Nie sposób oddać na papierze przeżycia, którewywołuje ten przedziwnie zmontowany spektakl, zbyt wiele elementów się na nie składa. Nieustannie towarzyszący mu prosty, transowy rytm, czy to na bębnach, czy na gitarze basowej, swoją wibrację przenosi na widzów, fizycznie łączy ich z przebiegiem widowiska (tu głęboki ukłon należy się akustykom Jackowi Gałkiewiczowi i Tomaszowi Wyzińskiemu). Ciągłe napięcie między wysokim a niskim, archaicznym a współczesnym buduje siatkę znaczeń, która okazuje się zaskakująco komunikatywna, gdy z jednej strony pojawia się natarczywa, wielokrotna repetycja, sugerująca tragizm historii: „kolejny obrót koła – kolejna rewolucja”, z drugiej – wyliczenie, w ramach którego równie święty jest świat i „otwór w dupie, św. Piotr i św. Cohen, i święte chuje przodków”. Ta Jacewiczowa dialektyka przerysowanych postaw, rozpięta od patosu po rechot, kiedy tylko zda się rozpoznaną już formułą prowadzenia opowieści, natychmiast jest wywracana i staje się własnym zaprzeczeniem: nagle pieśń o konieczności społecznego zaangażowania z refrenicznym zwrotem „we give a fuck” okazuje się pustym gestem rodem z social media, a dziewczęcy duet o udawaniu dla korzyści i obojętności na cudzą krzywdę odczytuje się jako gorzką spowiedź z metod radzenia sobie z wrogą rzeczywistością. A przecież to „11. przykazanie, żeby kochać siebie nawzajem – to jest nasz sztandar”. Sztandar, idea, jednostkowość – a nie zawłaszczany symbol organizujących masy państwowych flag. Dlatego pozytywnymi bohaterami spektaklu są Indianie, tańczący swój rytualny taniec ducha przeciw agresji białych, jurodiwi, odkrywający, że Bóg nie ma pojęcia, o co chodziło autorom Biblii, bitnicy, na poezji których opiera się znaczna część scenariusza przedstawienia. To oni sprzeciwiali się „okradaniu kolebki cywilizacji” przez władzę, która zawsze jest uzurpacją, władzę wykorzystywaną dla partykularnych interesów. To z nimi w jednej linii stawia się zespół Bramy – i zważywszy na jego pozateatralną działalność, nie nadużywa tego porównania. A że współuczestnictwo widowni jest w tym spektaklu szalenie mocne – aż chce się być częścią tego wielojęzycznego chóru – poniekąd i widzowie postawieni są w tym samym szeregu i zmuszeni do rachunku sumienia.

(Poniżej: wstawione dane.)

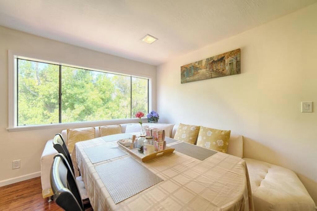 Millbrae Premium Residential Area Near San Francisco Airport Cozy Villa Millbrae City, near San Francisco Airport, has a beautiful environment, a comfortable climate and a safe and convenient life.Thoughtful amenities are prepared in the room, kitchen, laundry are free for guests, making it the best choice for tourist and business guests.· 8 mins drive to airport· 5 mins drive to Millbrae Bart Station· 5 mins drive to highways 280 and 101· 10 minutes drive to COSTCO, a large mass market opening· 20 to 30 minutes drive to downtown San Francisco, Golden Gate Bridge, Fisherman's Wharf, Stanford University, Silicon Valley· 3 minutes drive to downtown Millbrae:Sun's Market New Natural Chinese SupermarketSafeway 、Lucky 美国大型生活超市Trader Joe's 美国新鲜超市Walgreens 24小时药店、便利店Starbucks coffee 咖啡店Paris Baguette 面包店USPS, UPS Express【 Nearby shopping and food center 】· Tanforan Center 10 min drive· Serramonte Shopping Center 12分钟车程· Hillsdale Shopping Center 15分钟车程The spaceSituated in a beautiful valley and enjoying the fresh air, the room is warm and comfortable and fully equipped with amenities including a USB adapter, cell phone charging cable, sewing kit, disposable cutlery, disposable slippers and disposable cotton towels, bottled water, coffee and tasty cup noodles, children's book toys, and much more. The house can accommodate up to 18 people.Guest accessGuest room, toilet, kitchen, dining room, laundry room, terrace.Other things to noteThis villa has 3 floors. Other people live upstairs. This listing is for the 2 floors downstairs, guests need to walk down a flight of stairs to get to the guest room when they check in.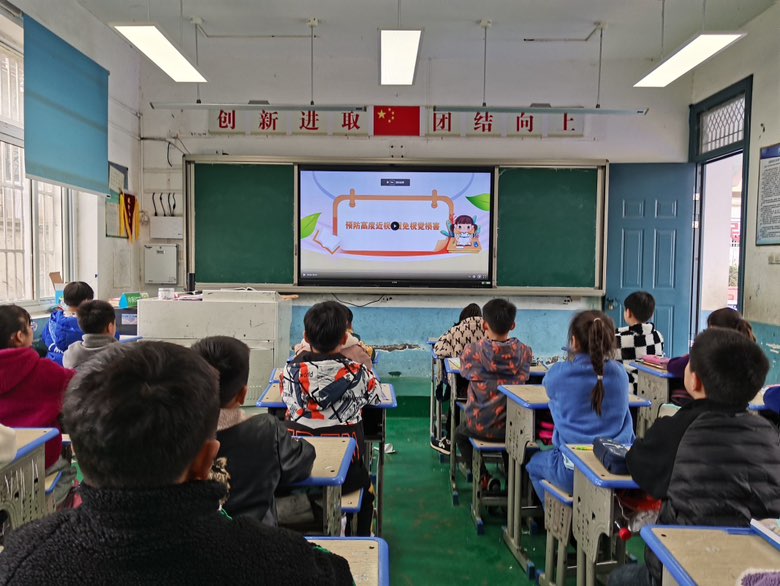 ~ 班会课上,班主任通过“问卷调查”、观看“PPT”让同学们探寻近视的原因。对平时近视问题的误区进行了引导,最后规范了孩子们眼睛保健操的姿势和动作,通过形象生动的动画使学生掌握了科学用眼的常识,通过朗朗上口的“爱眼 护眼”歌,让他们牢记护眼知识,拥有明亮的眼睛,才能拥抱世界的光明。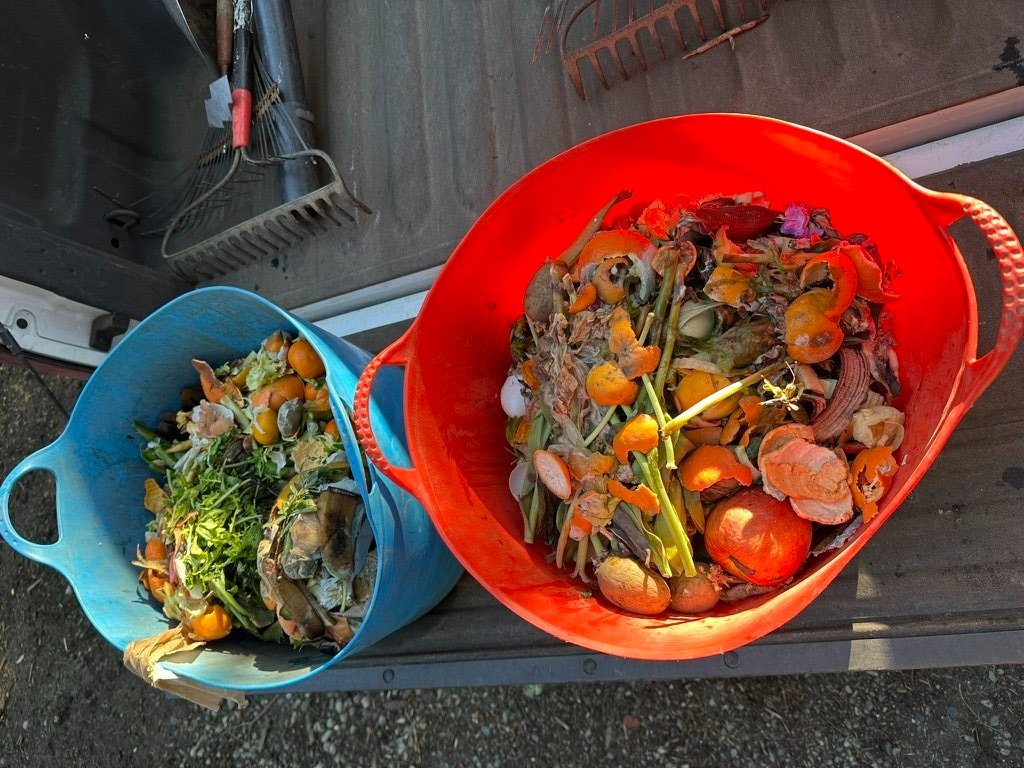 Be alert to produce stickers, rubber bands, bits of plastic, and anything else that we don’t want going back into the soil.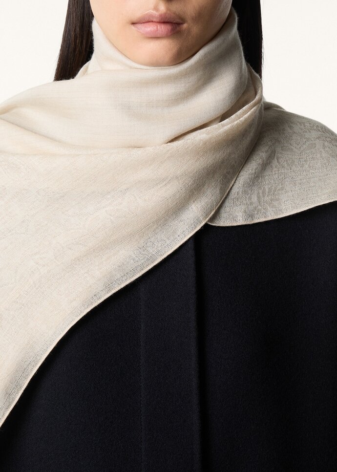 Balancing versatility with sophisticated style, the Punjab stole is an ode to the ancient art of Indian tapestry. In a gossamer and near-translucent blend of cashmere and silk, it is decked with the Loro Piana Punjab motif, screen-printed with paisleys and intricate florals in a kaleidoscope of color and pattern.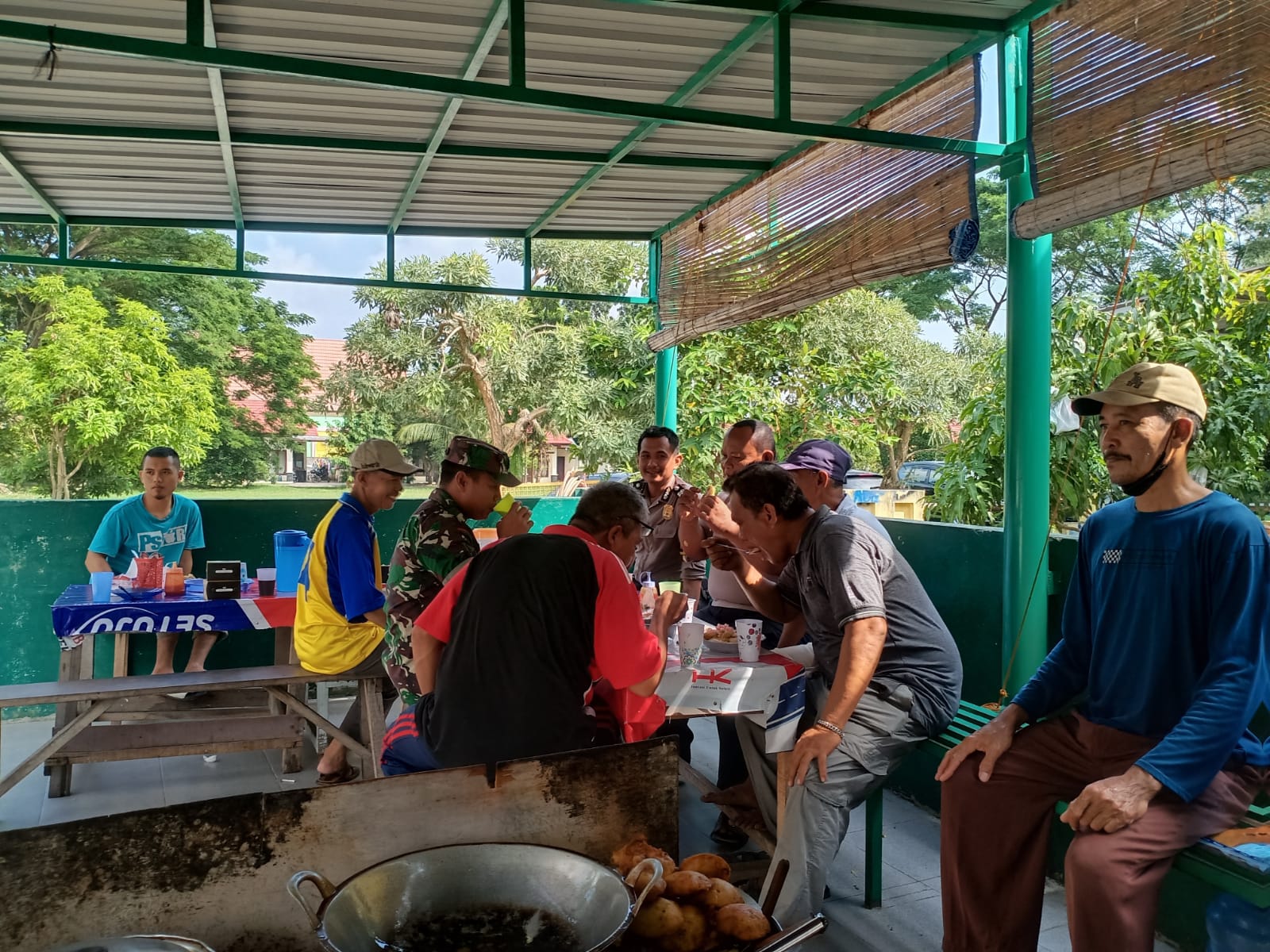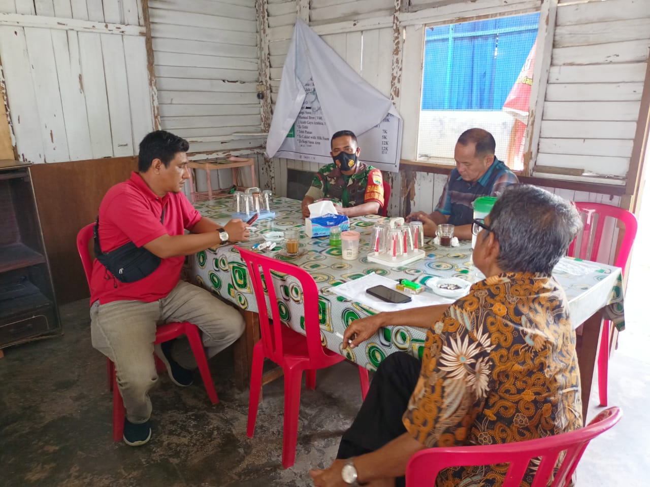 Sertu Parjo Babinsa Kelurahan Harjosari Koramil 06/Sukajadi Kodim 0301/PBR melaksanakan komsos dengan Ketua RT 01 Tupandi, Babhinkamtibmas Aiptu M Fakhrul dan warga di Jalan Jati kecamatan Sukajadi kota Pekanbaru, Sabtu.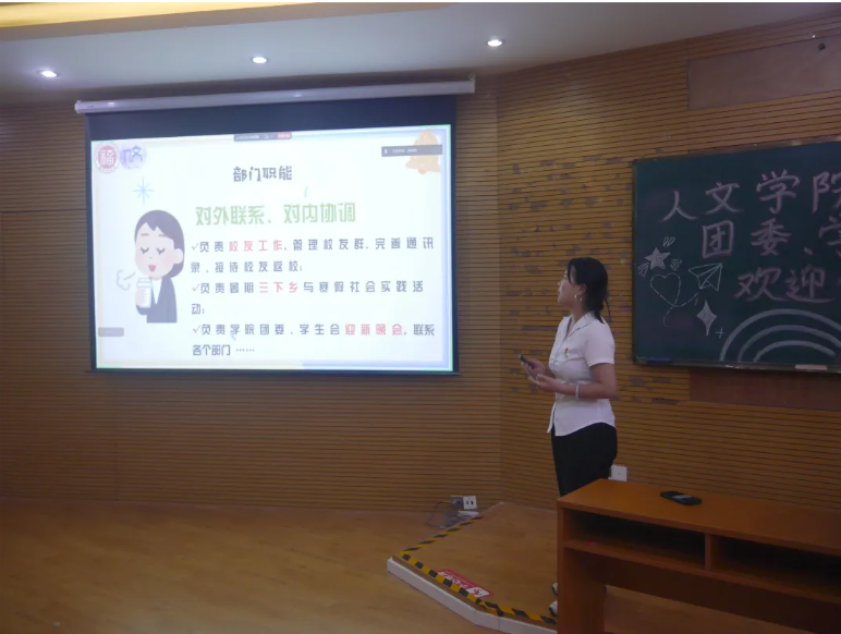 9月20日晚7点,人文学院团委、学生会于铜盘校区B113教室开展纳新宣讲会。人文学院2025级本科新生线下参与,2025级音乐学新生在旗山校区线上参加。本次宣讲会由严婉蓉同学主持。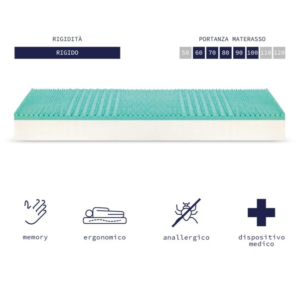 Topper in memory foam, termosensibile allevia la pressione nei punti di contatto e si adatta in modo personalizzato al profilo del corpo. Con elastici sugli angoli per fissaggio al materasso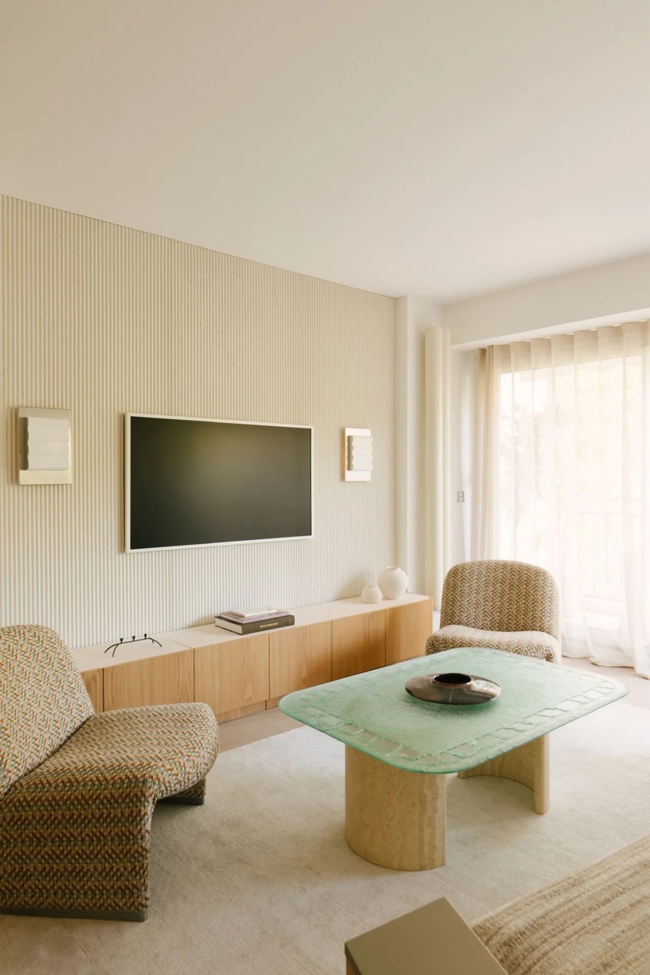 Il se compose d’une belle pièce de vie spacieuse et raffinée, idéale pour recevoir, de deux chambres confortables, chacune offrant calme et intimité, ainsi que de deux salles de bains élégantes, pensées pour un confort quotidien optimal.
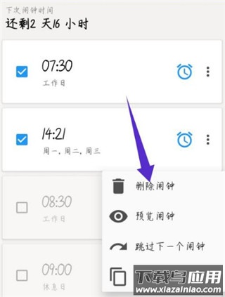 1、打开已安装的使命闹钟高级版,进入闹钟主界面,点击闹钟右侧的三点图标。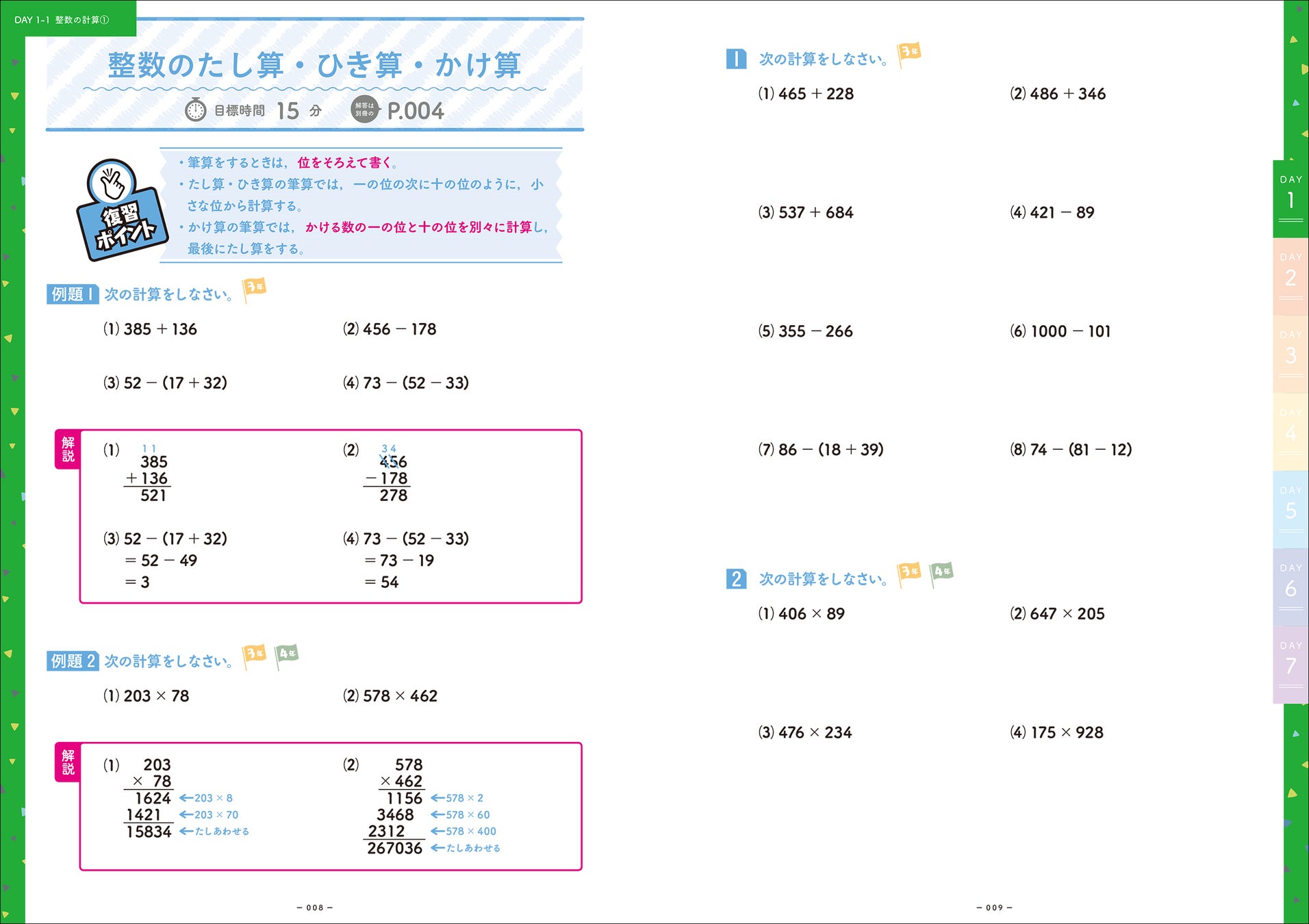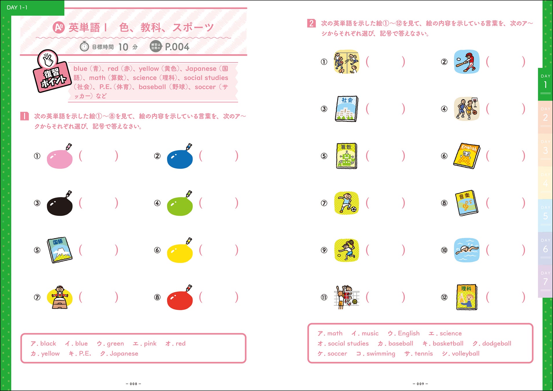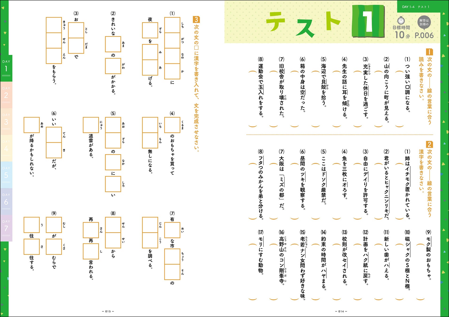「漢字」の総復習では、小学校1年生から6年生までに履修した漢字の「読み」「書き」「書き順」をていねいにおさらいできます。各問題に目標時間が定められており、各DAYのおわりにある「テスト」で学んだことをすぐに確認できます。巻末の「都道府県名一覧」では、都道府県と漢字を楽しみながら一緒に勉強できます。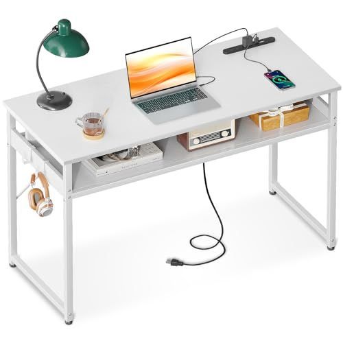 ODK 机 pcデスク パソコンデスク 幅100cm ゲーミングデスク 収納付き コンセント付き 勉強机 computer desk 子 ワークデスク フック2個付き コンパクト テレワーク用 省スペース 組立簡単 白い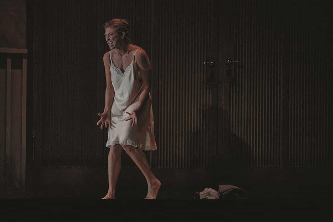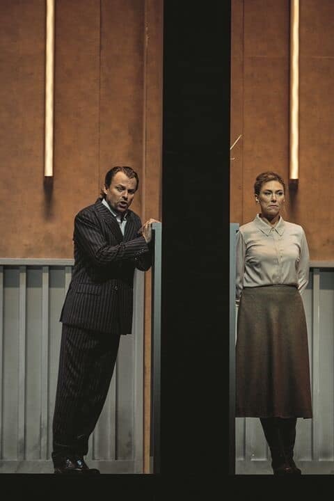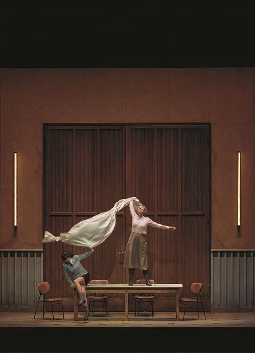 Le metteuse en scène néerlandaise Jetske Mijnssen opte pour une lecture hyper-minimaliste : les villageois n’apparaissent même pas sur scène mais chantent en coulisses. La scène donne une impression d’enfermement étouffant, avec un intérieur conçu par Julia Katharina Berndt composé de trois pièces identiques, presque interchangeables, sans fenêtres, avec des portes communicantes et sur le mur du fond, une double porte ouvrant sur un néant brumeux. Oubliez la nuit d’été, l’écoulement de la rivière : une triste prison renferme en son sein les personnages, et même si les trois pièces défilent devant nos yeux, c’est toujours la même ambiance qui réapparaît : la table méticuleusement préparée avec une nappe que Kat’a, dans un moment d’insouciance, transforme en voile blanc. Même les costumes des années 1950 de Dieuweke van Reij ne permettent pas d’échapper aux brimades de Dikoj envers son neveu ou de Marfa Ignatjewna envers la belle-fille. Dans la dramaturgie de Simon Berger, tout est condensé en ces trois petites pièces : on voit ainsi Kudriaš faire la leçon au jeune Kuligin sur la table, la folle nuit du vieux Dikoj et de Marfa se consumer de façon grotesque sous la table de l’autre pièce, tandis que dans celle d’à côté, Kát’a commence à succomber à la tentation du « péché ». Dans le finale, la femme ne se jette pas dans la Volga mais s’empoisonne et meurt affalée sur le sol avec Boris, qui n’est pas parti. La vieille Kabanová ne remercie pas ses compagnons de village, qui ne sont pas présents comme mentionné, mais s’adresse directement au public, avec un effet tout aussi glaçant. Puis elle apparaît dans l’autre pièce et semble s’effondrer de douleur. Elle apparaît ainsi elle aussi comme une femme malheureuse suscitant la compassion de la metteuse en scène…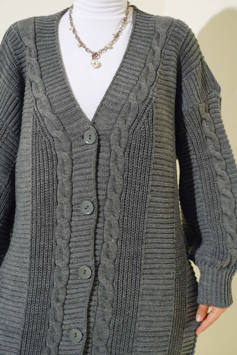 Kruvaze Yaka Uzun Kaşe Kaban Antrasit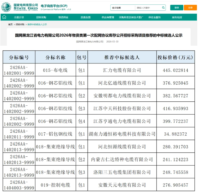 国网电子商务平台发布了《国网黑龙江省电力有限公司2026年物资类第一次配网协议库存公开招标采购项目推荐的中标候选人公示》,该项目采购包括布电线、钢芯铝绞线、铝包钢绞线、集束绝缘导线、控制电缆等物资,中标缆企情况见下表。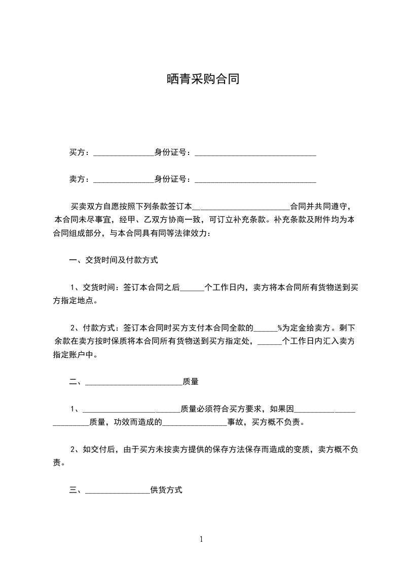 二、本合同有效期为一年,自___年___月___日生效,至___年___月___日止,其效力及于有效期内甲方和乙方有关购买和出售货物的所有协议(包括订单和附件)(略)。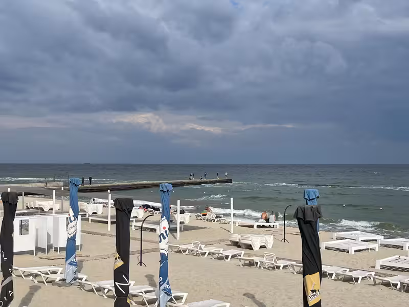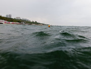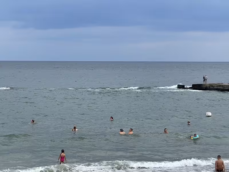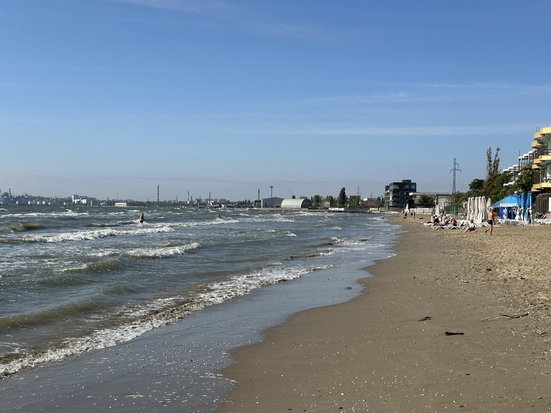 15 ст, людей много, рыбаки есть, не большой ветер с утра, море волнуется, вода градуса 22-23 мутная

O ile przywołana na początku Apoteoza była zapisem wewnętrznego procesu ówczesnej Bramy, przenoszącym na widzów intensywność emocji poprzez perfekcję wykonawczą, w Ghost dance więcej jest brudu, przaśności, technicznych niedociągnięć, załamań głosu – ale wobec charakteru przebiegu spektaklu te momenty dodają mu tylko autentyczności, pozwalają jeszcze bliżej się z nim skomunikować. O mocy oddziaływania tego Bramowego wołania o pokój może świadczyć fakt, że podczas gościnnego występu Teatru w Charkowie ktoś zawiadomił służby, co niemalże doprowadziło do aresztowania zespołu za prowokację polityczną – mimo że o sytuacji na Ukrainie, jak zresztą o żadnym trwającym współcześnie konflikcie, nie pada ze sceny ani jedno słowo wprost. Tamtejsza krytyka stwierdziła, że Brama, od lat przecież związana z tym krajem, „mści się na Ukrainie miłością”. Jeśli tak, mści się i na nas wszystkich za chłód, obojętność, apatię, brak woli zmiany – a sposób wyrażania tej miłości jest dotkliwy i pozostawia bezbronnym.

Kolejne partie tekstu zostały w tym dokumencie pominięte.